Reproduce, word for word, the lines in the material below starting with the one that has "We present this" and going on through the one that has "Mason McTavish 2021-22". Leave out all pictures.

Start of Block

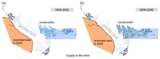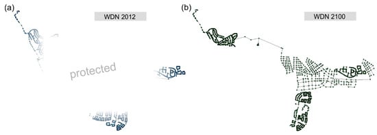 In urban planning, the city masterplan comprises a description of the future city’s spatial and temporal development, defines regulatory changes, and lays out a strategic direction of future visions. Comprehensive objectives regarding urban landscape and water resource development, national and public interests are specified from a municipality perspective and therefore a masterplan is case study specific []. Such a blueprint for the future is the basis for the successful realization of a transition process, out of which various planning alternatives can be derived for further testing and optimization. Furthermore, it decreases the number of uncertainties and makes the modeling process less complex [,]. The masterplan defines, for example, ambitions from centralized to decentralized water management in the future, the disconnection of abandoned city districts due to water quality problems, expected city densifications or expanding neighborhoods, which lead to network growth. In the cases where no masterplan is available, stochastic network growth models such as random or fitness-based attachment models can be used to anticipate network development [].
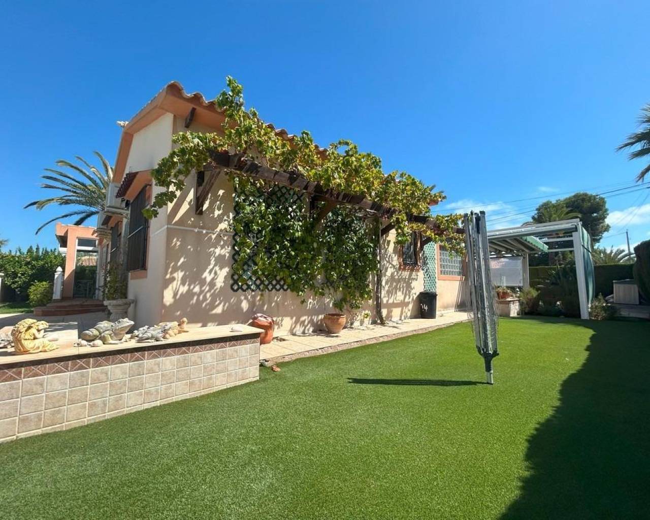 We present this beautiful single-story villa in Cabo Roig! Located just 10 minutes from the beach, in one of the most sought-after areas of the Orihuela Costa. Built on a plot of approximately 800 m², this property has 140 m² of built area, a large garden, a private pool, a wooden garden house, and a pergola. It's the ideal space to relax and enjoy unforgettable moments with family and friends.~The home features 3 bedrooms, 3 full bathrooms, a separate kitchen with access to the garden, and a spacious and bright living-dining room with a fireplace. All on one level. There's a glazed terrace with a summer kitchen and barbecue. There's also a closed garage. The garden is well-kept with various plants, trees, and artificial grass.~The home is in very good condition and is ready to move into.~Perfect for year-round living. All amenities are within walking distance, and Cabo Roig beach is a 10-minute walk away.~
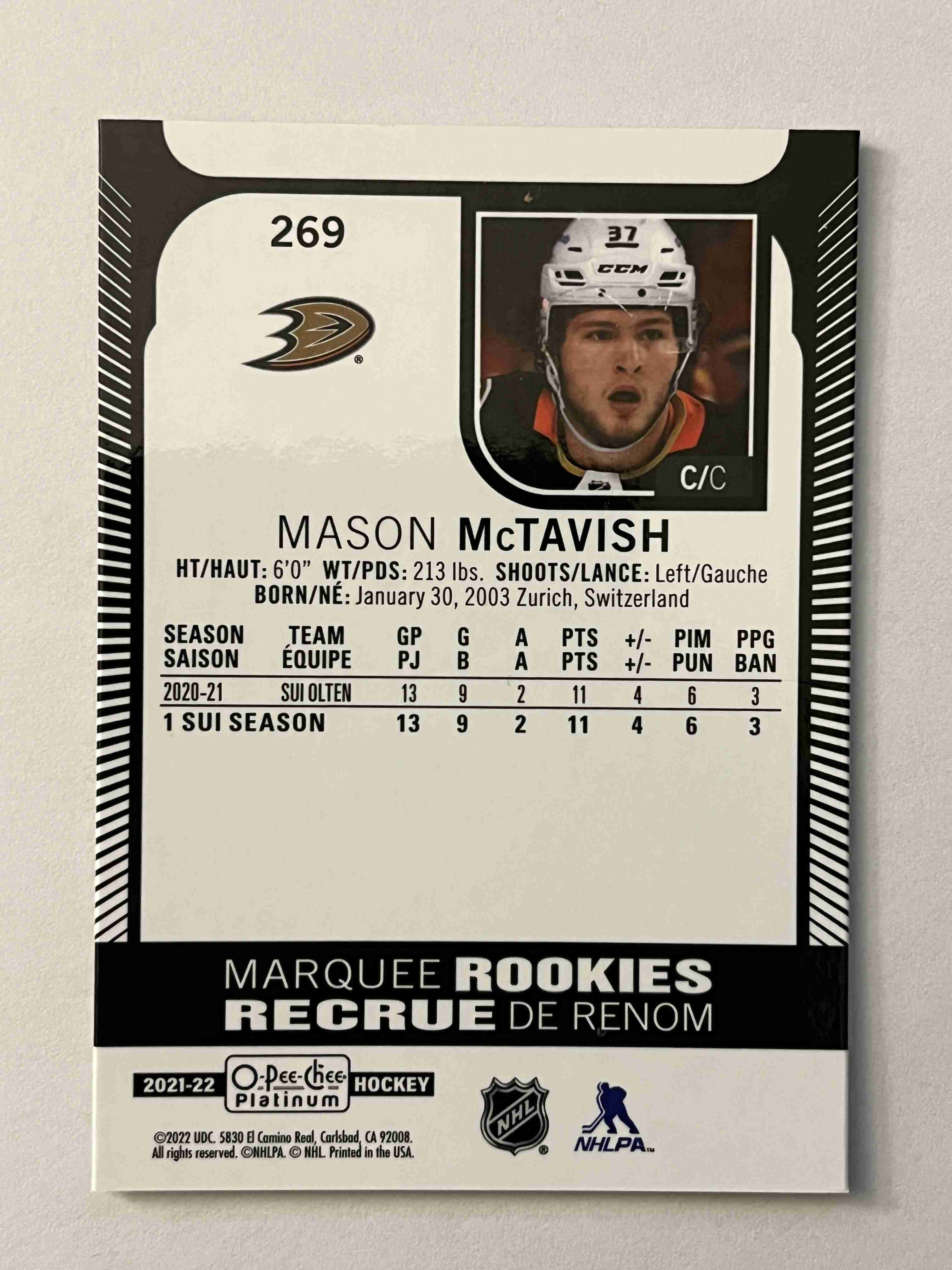 Mason McTavish 2021-22 OPC Platinum Marquee Rookies RC
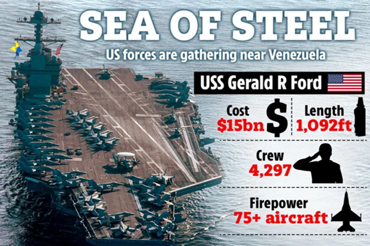 அமெரிக்க அதிபர் டிரம்ப் கரீபியன் கடற்பகுதியில் தற்போது வரை, சுமார் 10,000 படைகளையும், அமெரிக்கக் கடற்படையின் மரைன் படை வீரர்களையும், குறைந்தது 10 போர்க்கப்பல்களையும் குவித்து வைத்துள்ளார்.
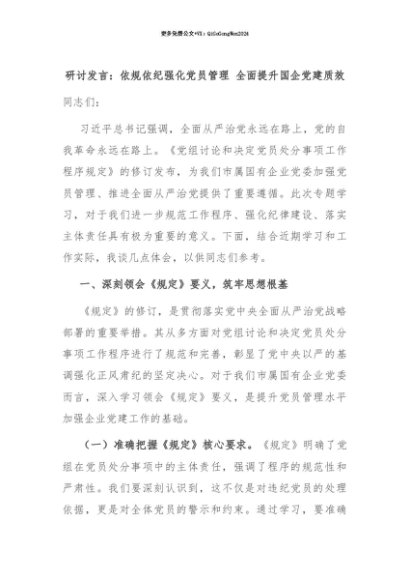【七哥公文】2025年:【七哥公文】研讨发言:依规依纪强化党员管理 全面提升国企党建质效+更多免费公文+VX:QiGeGongWen2024+更多免费公文+VX:QiGeGongWen2024

End of Block

## Result for this task
 We present this beautiful single-story villa in Cabo Roig! Located just 10 minutes from the beach, in one of the most sought-after areas of the Orihuela Costa. Built on a plot of approximately 800 m², this property has 140 m² of built area, a large garden, a private pool, a wooden garden house, and a pergola. It's the ideal space to relax and enjoy unforgettable moments with family and friends.~The home features 3 bedrooms, 3 full bathrooms, a separate kitchen with access to the garden, and a spacious and bright living-dining room with a fireplace. All on one level. There's a glazed terrace with a summer kitchen and barbecue. There's also a closed garage. The garden is well-kept with various plants, trees, and artificial grass.~The home is in very good condition and is ready to move into.~Perfect for year-round living. All amenities are within walking distance, and Cabo Roig beach is a 10-minute walk away.~
 Mason McTavish 2021-22 OPC Platinum Marquee Rookies RC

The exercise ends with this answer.